Rua Lins

Meu avô se chamava André, mas todos o conheciam como Lins. Meu vô Lins.
Por uma coincidência -ou não-, moro na rua que leva seu nome, o real, não o apelido.

jueves, 29 de octubre de 2009

Meu avô - Do diário de 23 de agosto de 08

Meu avô se chamava Salvador. Hoje acordei pensando nele.
Me lembro pouquinho dele. Às vezes me ponho em dúvida se os detalhes que recordo são minha memória verdadeira ou uma memória construida a partir das fotos que sempre vi somadas a uma ou outra história que ouvi.
Me lembro que ele tinha cabelinho ralo. Nunca foi careca, mas dava para ver o couro cabeludo. Me lembro de suas camisas meio finas e de uns chinelos de couro, desses de senhor.

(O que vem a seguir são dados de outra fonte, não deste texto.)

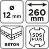 Betonfúró SDS PLUS, 2 élű, dupla spirálos, 12x260mm

Acho que ele tinha pernas finas.
Me lembro dele ativo, num quartinho cheio de mistérios, meio sombrio e lotado de cacarecos. Tinha pregos de todos os tamanhos. Era proibido mexer ali.
Me lembro também da lavanderia que tinha um funil enorme.
Me lembro da bíblia e da seriedade do meu vô Salva. Eu achava que ele era bravo, assim como achei meu pai bravo muito tempo. Hoje apenas acho que meu avô era introspectivo, ensimesmado, mais ocupado dos mistérios ocultos que das frivolidades do dia-a-dia.
Contam que ele tinha um radinho que sintonizava rádios estrangeiras e que ele se atinha naquelas notícias de longe, entendendo e tentando entender. Contam também que ele dizia que inventariam um telefone que seria possível carregar para qualquer lugar.
Rio hoje de um dia que ele ficou furioso. Meu pai estava construindo um escritório ao lado da casa dele e tinham acabado de instalar o telefone. Então eu e um primo tivemos a brilhante idéia de ir ao escritório e telefonar para meu avô, na casa do lado. Ele virou uma fera. Eu e meu primo nos enfiamos no banheiro com medo porém rindo até morrer. Meu primo levou umas palmadas.
Ele era um comedor de frutas. Descascava laranjas como quem reza, perfeito e solene. Me ensinou o poder dos ímãs a partir de uma banana. Após as refeições recolhia as migalhas de pão com uma banana, que ia comendo e limpando a mesa. Faço isso às vezes.
Meu avô ficou viúvo. Eu era criança mas me lembro de seu beijo de despedida na minha avó. Apesar de eu ter passado o velório todo brincando de pega-pega na rampa do edifício, de esconde-esconde em mil buracos e me entupindo de algodão doce, lembro-me que ele disse a ela “um dia nos encontraremos”. Meu avô levava tudo tão a risca que não quis deixá-la esperando.
Sempre dizia que não dormia mas apenas fechava os olhos para descansar. No dia em que dormiu mesmo, a alma se foi. Minha mãe atendeu o telefone e senti um silêncio, acho que eu soube pela cara da minha mãe.
Não me lembro da voz do meu avô. Nem do jeito que ele falava. Das visitas a meu avô ficaram os agradáveis domingos de feira com o sol quente, as frutas, alguns cultos religiosos na TV, o olhar, a fé e minha lembrança de sua fragilidade dos últimos tempos, sentado em um banco na entrada do escritório do meu pai. Faz mais de 20 anos.